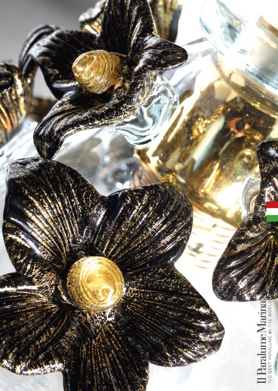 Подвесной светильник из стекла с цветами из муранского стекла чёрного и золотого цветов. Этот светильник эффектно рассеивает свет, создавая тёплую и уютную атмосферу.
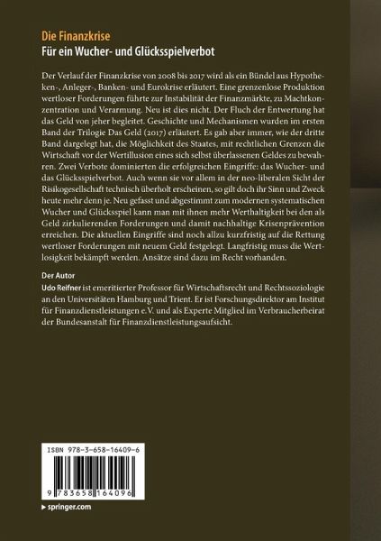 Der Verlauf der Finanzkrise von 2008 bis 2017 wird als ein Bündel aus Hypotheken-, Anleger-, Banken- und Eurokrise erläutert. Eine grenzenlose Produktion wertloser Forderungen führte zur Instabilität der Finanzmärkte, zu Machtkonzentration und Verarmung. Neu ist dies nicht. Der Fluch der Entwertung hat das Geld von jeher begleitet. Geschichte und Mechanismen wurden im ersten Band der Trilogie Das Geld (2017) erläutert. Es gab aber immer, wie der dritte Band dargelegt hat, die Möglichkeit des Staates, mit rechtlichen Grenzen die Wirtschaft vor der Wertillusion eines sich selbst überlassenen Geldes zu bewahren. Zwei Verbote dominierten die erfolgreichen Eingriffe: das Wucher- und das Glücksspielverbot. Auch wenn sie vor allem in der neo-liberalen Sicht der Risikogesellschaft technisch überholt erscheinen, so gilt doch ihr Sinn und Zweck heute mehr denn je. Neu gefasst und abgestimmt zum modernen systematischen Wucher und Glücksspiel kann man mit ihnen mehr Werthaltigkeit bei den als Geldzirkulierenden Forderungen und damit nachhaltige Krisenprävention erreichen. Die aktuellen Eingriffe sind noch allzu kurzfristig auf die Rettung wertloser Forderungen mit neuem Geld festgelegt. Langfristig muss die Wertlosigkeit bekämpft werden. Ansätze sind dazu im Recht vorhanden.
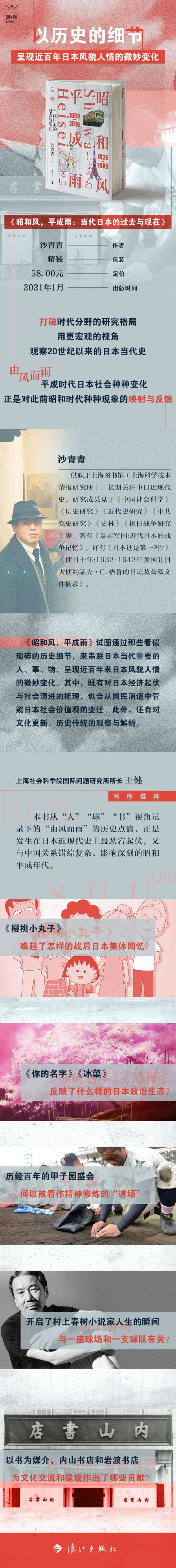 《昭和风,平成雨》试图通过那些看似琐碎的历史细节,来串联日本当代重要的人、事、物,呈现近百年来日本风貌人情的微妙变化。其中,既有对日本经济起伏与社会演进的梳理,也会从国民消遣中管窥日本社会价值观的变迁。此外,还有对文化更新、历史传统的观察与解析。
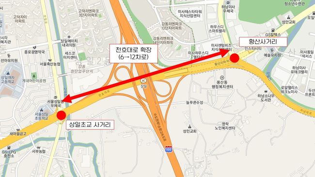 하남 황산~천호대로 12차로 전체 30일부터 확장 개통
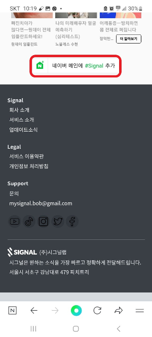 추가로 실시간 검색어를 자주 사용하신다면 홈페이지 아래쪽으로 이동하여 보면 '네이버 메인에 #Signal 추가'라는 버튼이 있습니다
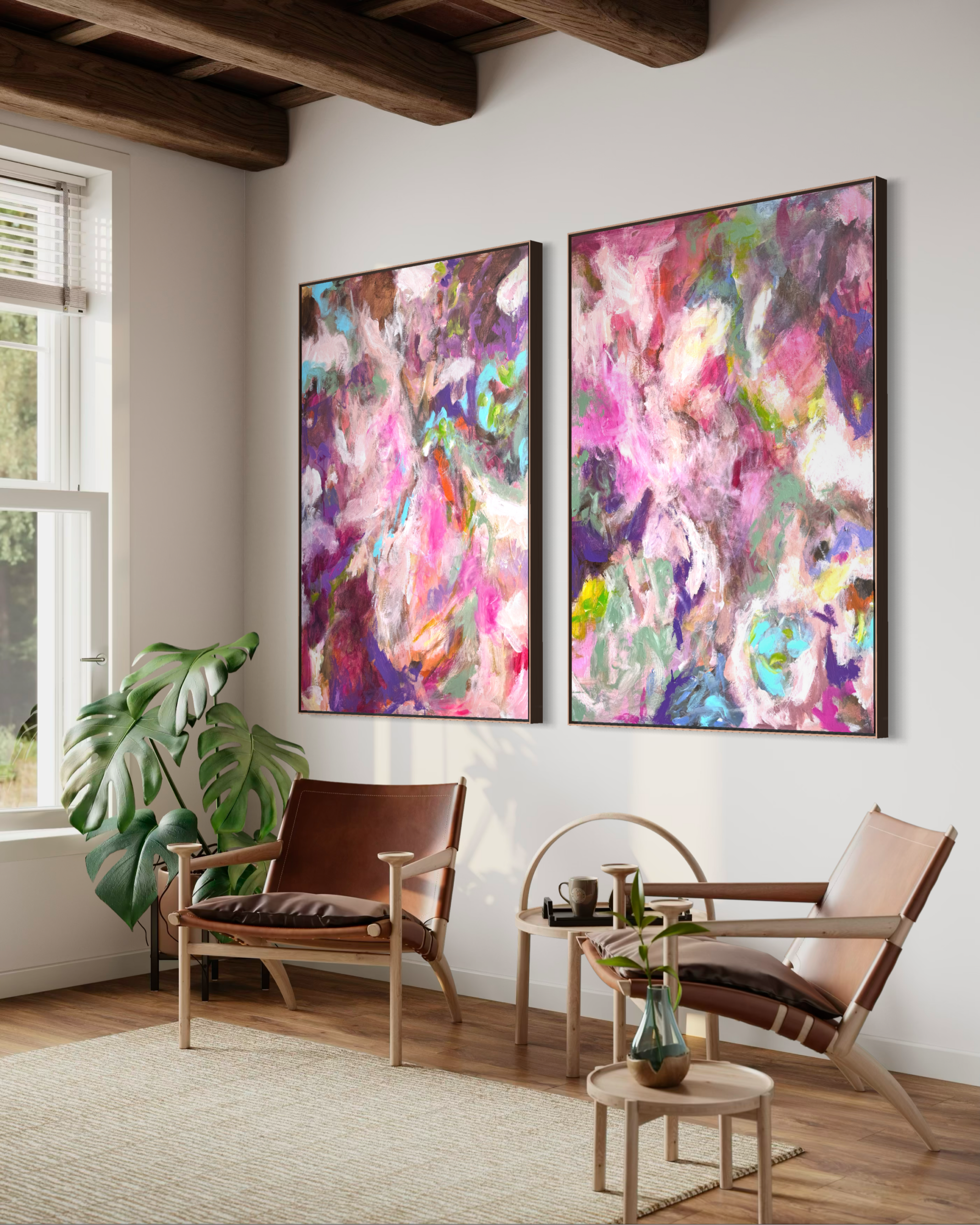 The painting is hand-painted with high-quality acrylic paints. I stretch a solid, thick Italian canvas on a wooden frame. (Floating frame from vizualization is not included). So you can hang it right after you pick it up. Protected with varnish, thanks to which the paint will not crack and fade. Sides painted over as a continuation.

------------------------------------------------------------------------

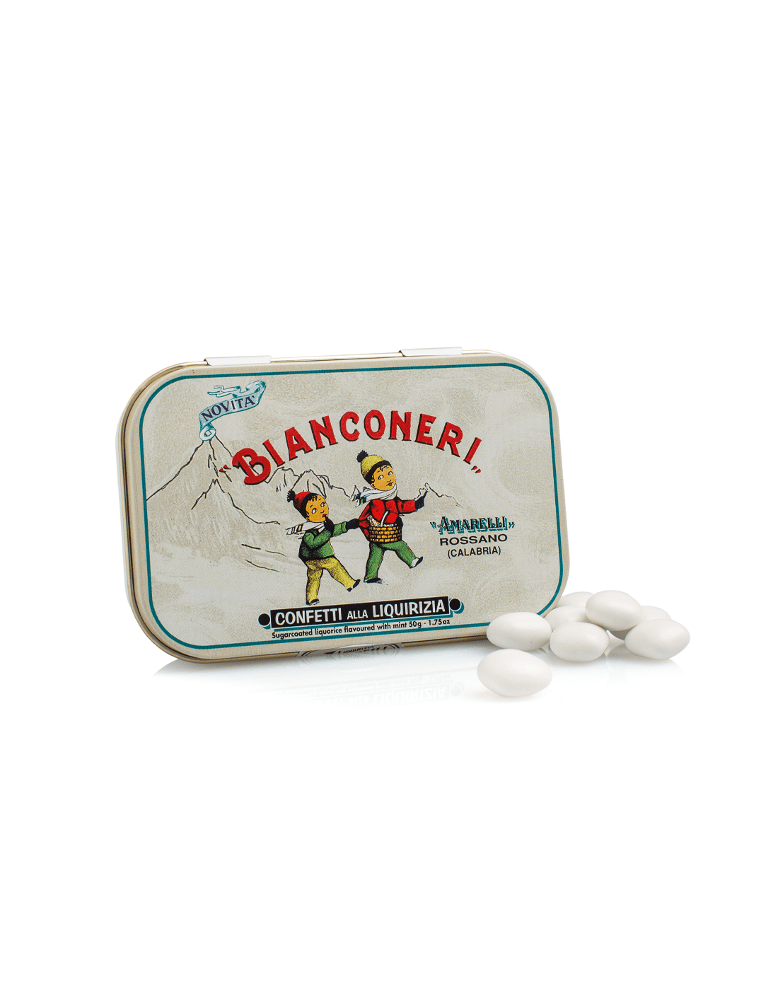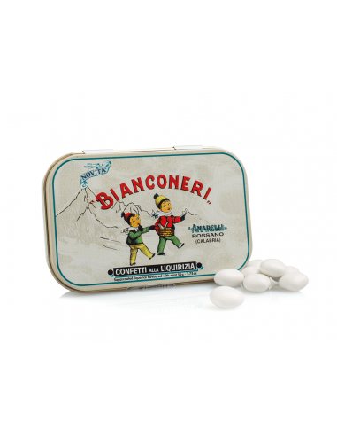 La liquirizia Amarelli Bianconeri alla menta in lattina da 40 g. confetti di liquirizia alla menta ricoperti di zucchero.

------------------------------------------------------------------------

### EXERCISE DIRECTIONS
The output is the stretch above from the line with "하남 황산~천호대로 12차로 전체 30일부터 확장 개통" through the line with "The painting is", copied word for word with both ends kept and every picture dropped.

### EXPECTED ANSWER
 하남 황산~천호대로 12차로 전체 30일부터 확장 개통
 추가로 실시간 검색어를 자주 사용하신다면 홈페이지 아래쪽으로 이동하여 보면 '네이버 메인에 #Signal 추가'라는 버튼이 있습니다
 The painting is hand-painted with high-quality acrylic paints. I stretch a solid, thick Italian canvas on a wooden frame. (Floating frame from vizualization is not included). So you can hang it right after you pick it up. Protected with varnish, thanks to which the paint will not crack and fade. Sides painted over as a continuation.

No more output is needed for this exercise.